Unable to restart replication after stopping

Versions (relevant - OpenSearch/Dashboard/Server OS/Browser): 1.3.2

Describe the issue:
My issue is similar to this issue

After a replication job as been paused for a number of hours, stopping it does not delete the task and when attempting to recreate, it states a task is already running.

I do see several paused replication tasks when querying the tasks:
“action”: "indices:admin/plugins/replication/index/pause

However, they’re not cancellable.
“cancellable”: false,

Configuration:

Relevant Logs or Screenshots:
{“error”:{“root_cause”:[{“type”:“resource_already_exists_exception”,“reason”:“task with id {replication:index:index_v1} already exist”}],“type”:“resource_already_exists_exception”,“reason”:“task with id {replication:index:indesx_v1} already exist”},“status”:400

What can i do to restart these replication jobs.

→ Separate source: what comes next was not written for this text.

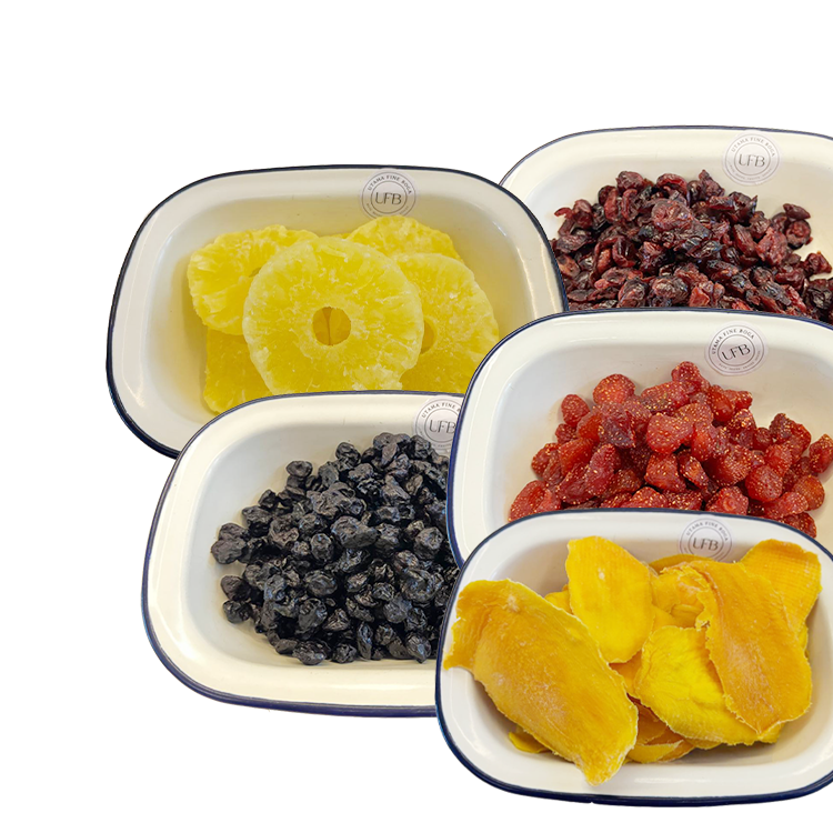 Buah Kering Kualitas Premium Impor. Strawberry Kering, Cranberry Kering, Blueberry Kering, Nanas Kering, Mangga Kering, Aprikot Kering, Longan Kering

This occurs both on single index replication and on autofollow replication.

Thanks!

Can you try killing the tasks using tasks API?

Yes, but they’re not cacellable:

{“type”:“failed_node_exception”,“reason”:"Failed node
doesn’t support cancellation

Weird! We’ve been able to cancel the replication related tasks with POST _tasks/<task_id>/_cancel

@ankikala
Any advice. I am trying to start replication with

PUT /_plugins/_replication/eddie-aws-000002/_start?pretty
{   "leader_alias": "connection-to-aws",   "leader_index": "eddie-aws-000002",   "use_roles":{     "leader_cluster_role":"all_access","follower_cluster_role":"all_access"  }}

I Dashbaord I see error:

{
  "error" : {
    "root_cause" : [
      {
        "type" : "parse_exception",
        "reason" : "request body or source parameter is required"
      }
    ],
    "type" : "parse_exception",
    "reason" : "request body or source parameter is required"
  },
  "status" : 400
}

In log I see errors:

[WARN ][o.o.p.PersistentTasksClusterService] [pesmaster-node2] persistent task replication:index:eddie-aws-000002 failed
Jan  5 12:28:54 pesmaster02-spc pesmaster-node2[1664]: java.lang.IllegalArgumentException: this node does not have the remote_cluster_client role
[WARN ][o.o.c.s.ClusterApplierService] [pesmaster-node2] failed to notify ClusterStateListener
Jan  5 12:28:54 pesmaster02-spc pesmaster-node2[1664]: java.lang.IllegalStateException: p must not be null
[ERROR][o.o.r.a.i.TransportReplicateIndexMasterNodeAction] [pesmaster-node2] Failed to trigger replication for eddie-aws-000002 - java.lang.IllegalStateException: Timed out when waiting for persistent task after 30s

I have remote cluster client on other side and I replicate one index, but can´t replicate one more…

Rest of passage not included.